#### Your task
Copy out exactly, from the entries that follow, the line holding "A 20-page booklet", the line holding "AJ tends to", and all lines between them, but no pictures.
------ Records for processing ------
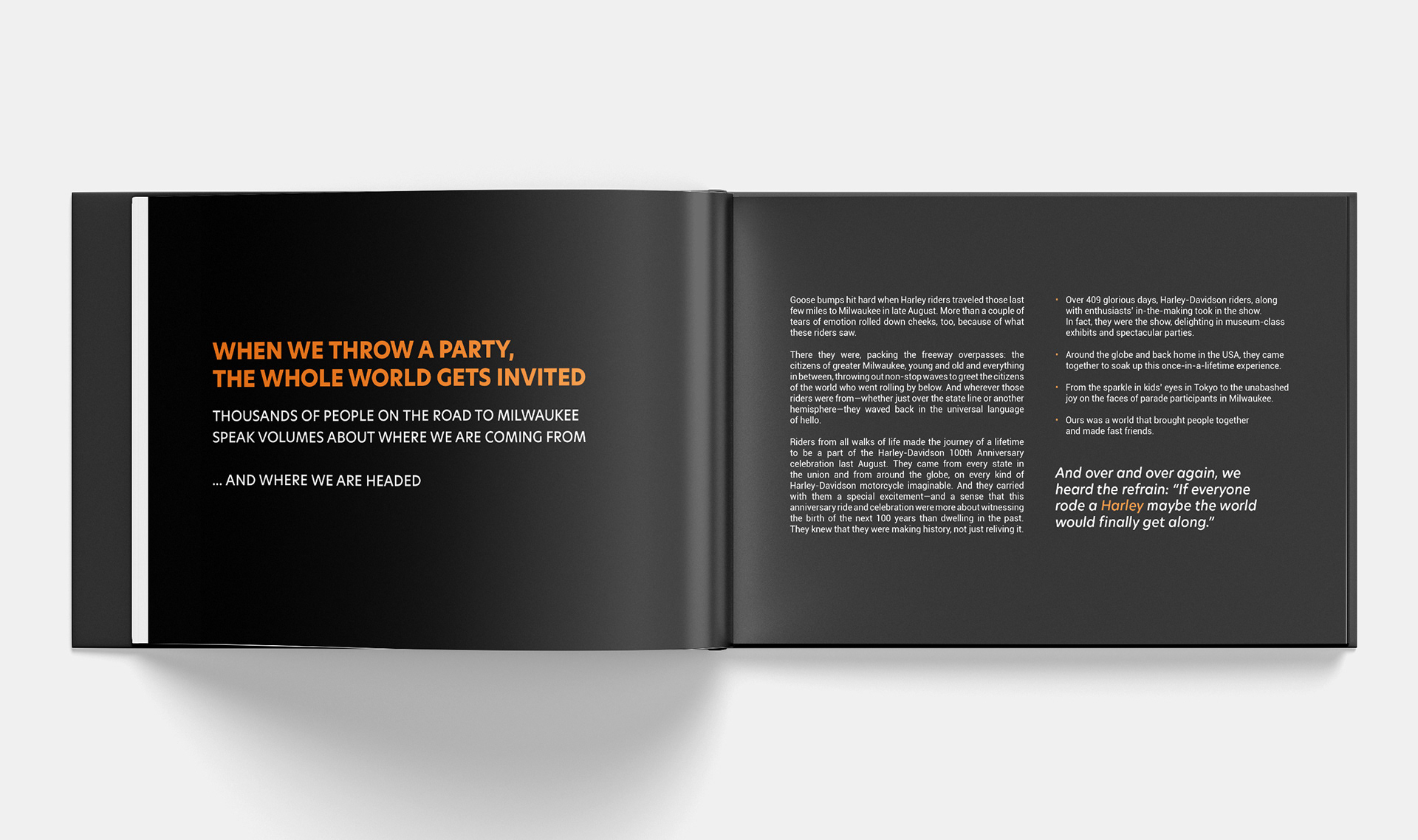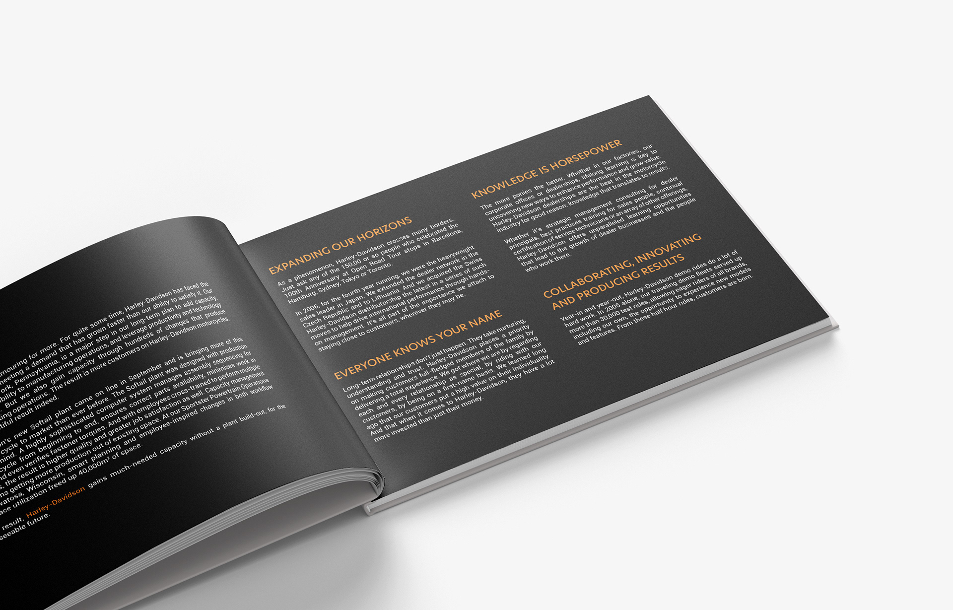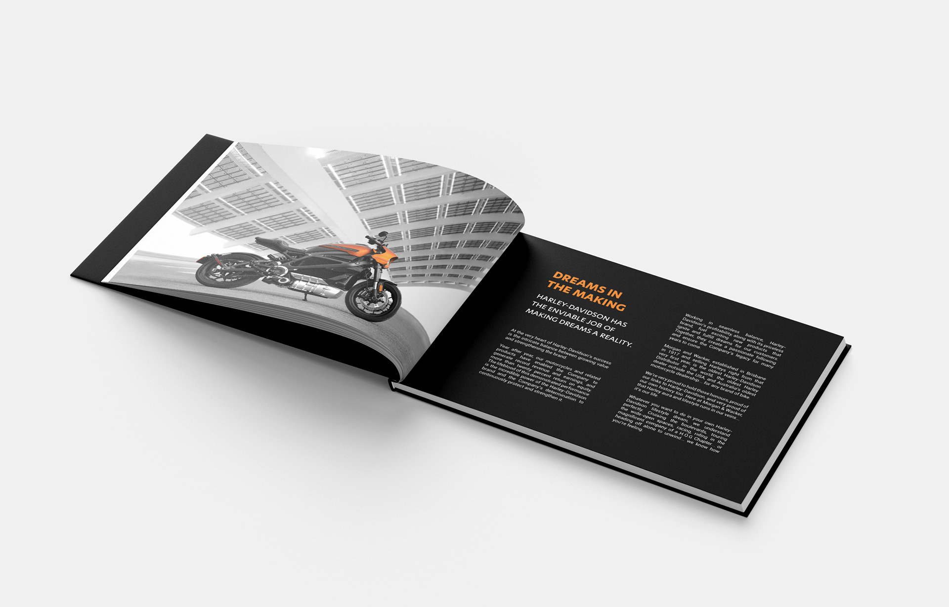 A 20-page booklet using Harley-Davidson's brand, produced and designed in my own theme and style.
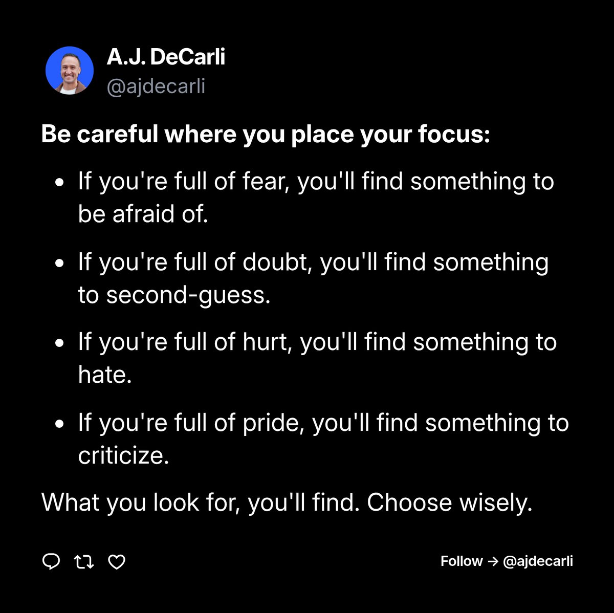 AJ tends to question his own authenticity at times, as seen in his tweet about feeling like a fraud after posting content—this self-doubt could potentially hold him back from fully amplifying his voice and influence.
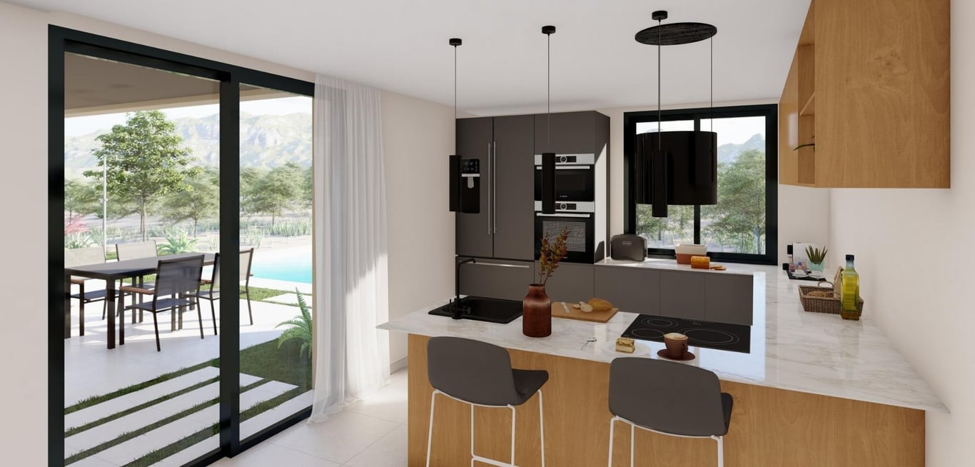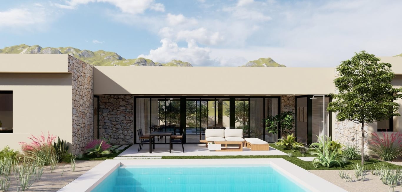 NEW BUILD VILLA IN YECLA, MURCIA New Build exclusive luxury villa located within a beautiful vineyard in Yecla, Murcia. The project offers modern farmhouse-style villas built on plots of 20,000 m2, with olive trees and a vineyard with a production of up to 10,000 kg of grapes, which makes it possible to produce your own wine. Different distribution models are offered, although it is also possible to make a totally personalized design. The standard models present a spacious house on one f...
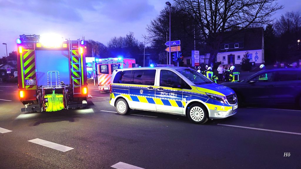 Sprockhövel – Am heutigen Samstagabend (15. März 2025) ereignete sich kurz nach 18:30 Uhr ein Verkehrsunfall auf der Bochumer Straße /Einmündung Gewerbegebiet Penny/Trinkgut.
------
------ Records for processing ------
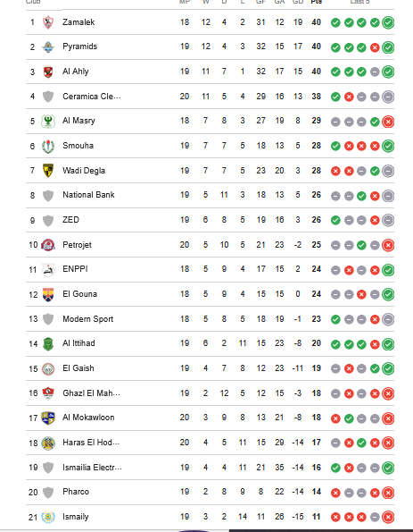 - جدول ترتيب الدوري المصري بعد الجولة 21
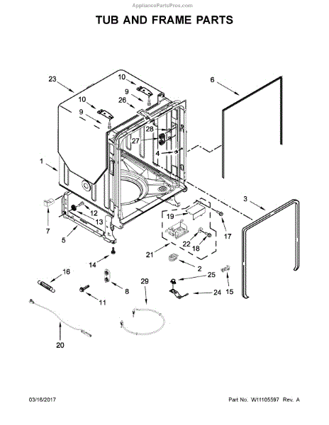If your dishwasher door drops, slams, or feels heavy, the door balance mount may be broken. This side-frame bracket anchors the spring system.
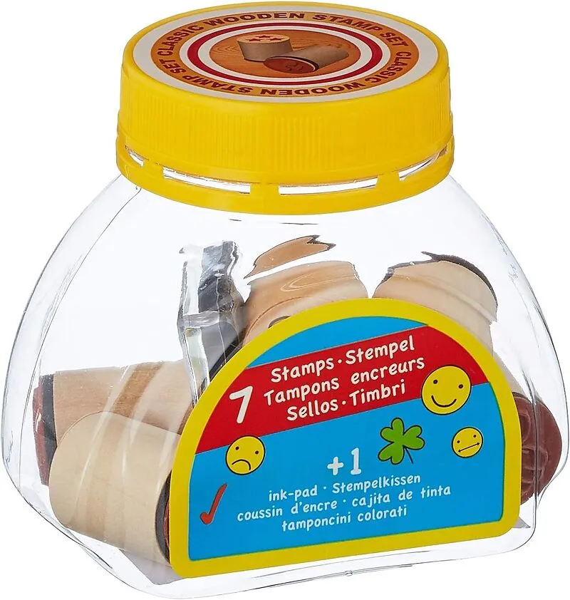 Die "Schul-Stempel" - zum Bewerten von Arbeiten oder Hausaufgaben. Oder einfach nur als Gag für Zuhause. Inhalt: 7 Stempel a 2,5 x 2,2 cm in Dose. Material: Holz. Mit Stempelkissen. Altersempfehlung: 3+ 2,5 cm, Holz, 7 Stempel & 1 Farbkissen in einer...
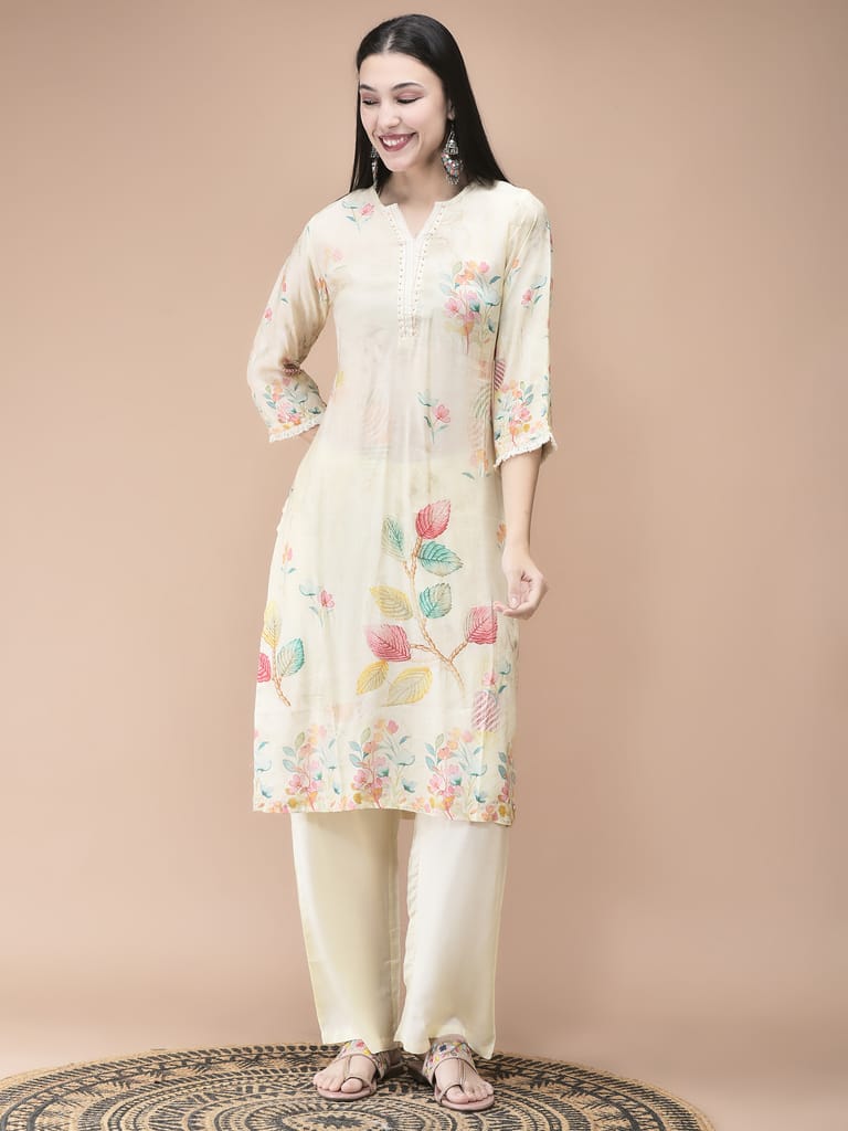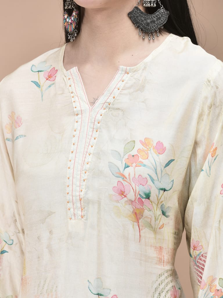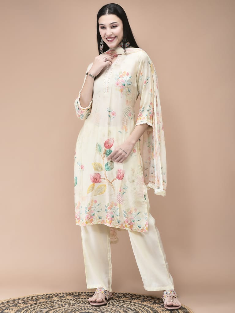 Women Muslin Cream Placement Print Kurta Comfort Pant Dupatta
------
#### Output of the task
 A 20-page booklet using Harley-Davidson's brand, produced and designed in my own theme and style.
 AJ tends to question his own authenticity at times, as seen in his tweet about feeling like a fraud after posting content—this self-doubt could potentially hold him back from fully amplifying his voice and influence.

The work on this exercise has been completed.